There is another solution of this fable, analogous to the preceding. According to Pliny, Prometheus was the first who instituted sacrifices. Being expelled his dominions by Jupiter, he fled to Scythia, where he retired to Mount Caucasus, either to make astronomical calculations or to indulge his melancholy for the loss of his dominions, which occasioned the fable of the vulture or eagle feeding on his liver. As he was the first inventor of forging metals by fire, he was said to have stolen that element from heaven; and, as the first introduction of agriculture and navigation had been ascribed to him, he was celebrated as forming a living man from an inanimate substance.

AMPHION, king of Thebes, son of Jupiter and Antiŏpe, was instructed in the use of the lyre by Mercury, and became so great a proficient, that he is reported to have built the walls of Thebes by the power of his harmony, which caused the listening stones to ascend voluntarily. He married Niŏbe, daughter of Tantălus, whose insult to Diāna occasioned the loss of their children by the arrows of Apollo and Diāna. The unhappy father, attempting to revenge himself by the destruction of the temple of Apollo, was punished with the loss of his sight and skill, and thrown into the infernal regions.

ORPHEUS, son of Apollo by the Muse Calliŏpe, was born in Thrace, and resided near Mount Rhodŏpe, where he married Eurydice, a princess of that country. Aristæus, a neighboring prince, fell desperately in love with her, but she flying from his violence, was killed by the bite of a serpent. Her disconsolate husband was so affected at his loss, that he descended by the way of Tænărus to hell, in order to recover his beloved wife. As music and poetry were to Orpheus hereditary talents, he exerted them so powerfully in the infernal regions, that Pluto and Proserpine, touched with compassion, restored to him his consort on condition that he should not look back upon her till they came to the light of the world. His impatience, however, prevailing, he broke the condition, and lost Eurydice forever.

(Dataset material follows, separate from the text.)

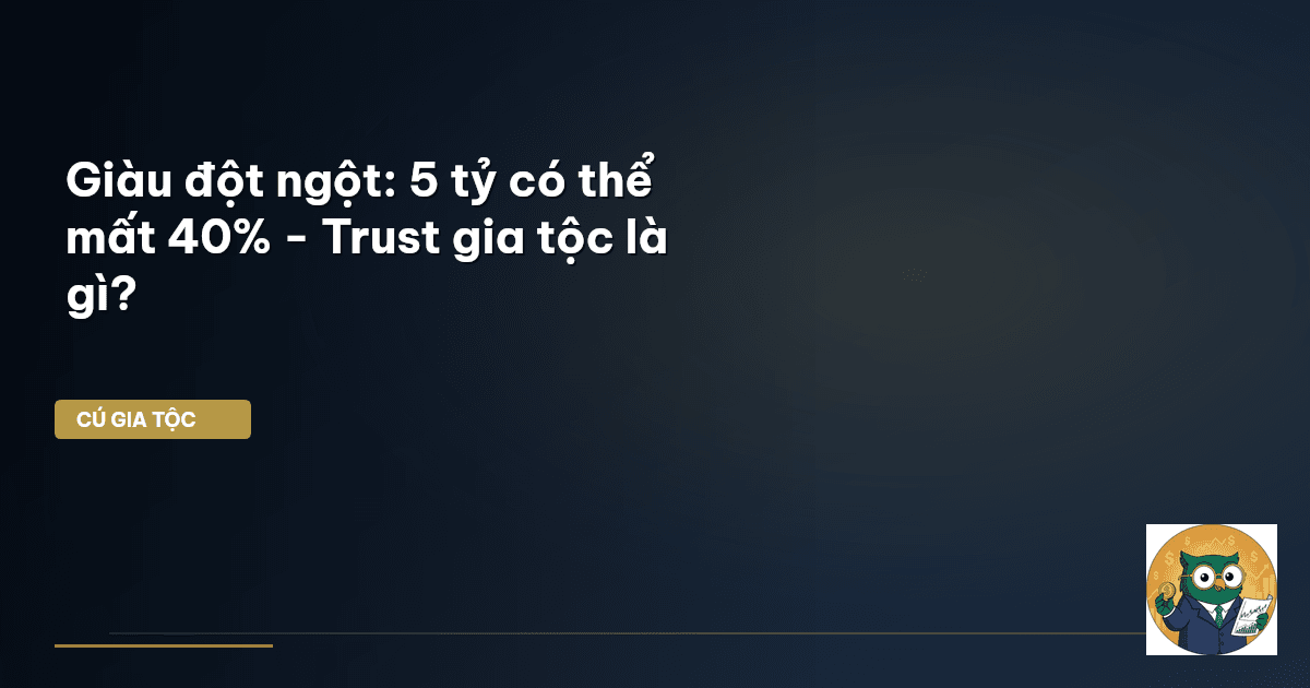 ⏱️ 14 phút đọc · 2679 từ Giới Thiệu: Hội Chứng Giàu Đột Ngột – Cơ Hội Hay Cạm Bẫy Liên Thế Hệ? Ông bà để lại 5 tỷ, nghe có vẻ là một món quà trời cho, một khởi đầu thuận lợi cho con cháu. Nhưng Cú Thông Thái nhận thấy: không ít gia đình Việt đang đứng trước nguy cơ mất trắng đến 40% hoặc hơn số tài sản ấy chỉ vì không biết cách quản lý và bảo vệ đúng đắn . Đây chính là một phần của cái mà giới tài chính quốc tế gọi là "Hội chứng giàu đột ngột" – Sudden Wealth Syndrome. Khi tiền bạc đến quá nhanh…
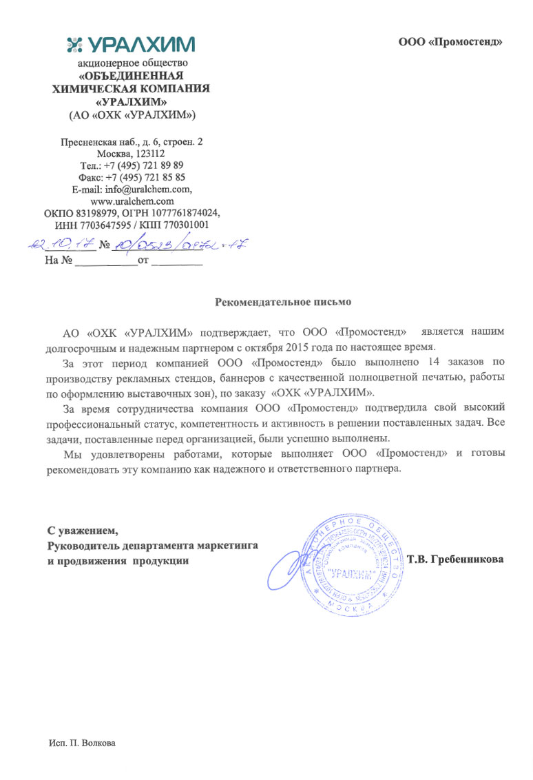 Вот фотографии прошлой выполненной работы (оформление выставочной зоны) и рекомендательное письмо от АО "ОХК "Уралхим" АО "ОХК "УРАЛХИМ" | ||

Whilst Orpheus was among the shades, he sang the praises of all the gods but Bacchus, whom he accidentally omitted; to revenge this affront, Bacchus inspired the Mænădes, his priestesses, with such fury, that they tore Orpheus to pieces, and scattered his limbs about the fields. His head was cast into the river Hebrus, and (together with his harp) was carried by the tide to Lesbos, where it afterwards delivered oracles. The harp, with seven strings, representing the seven planets, which had been given him by Apollo, was taken up into heaven, and graced with nine stars by the nine Muses. Orpheus himself was changed into a swan. He left a son called Methon, who founded in Thrace a city of his own name.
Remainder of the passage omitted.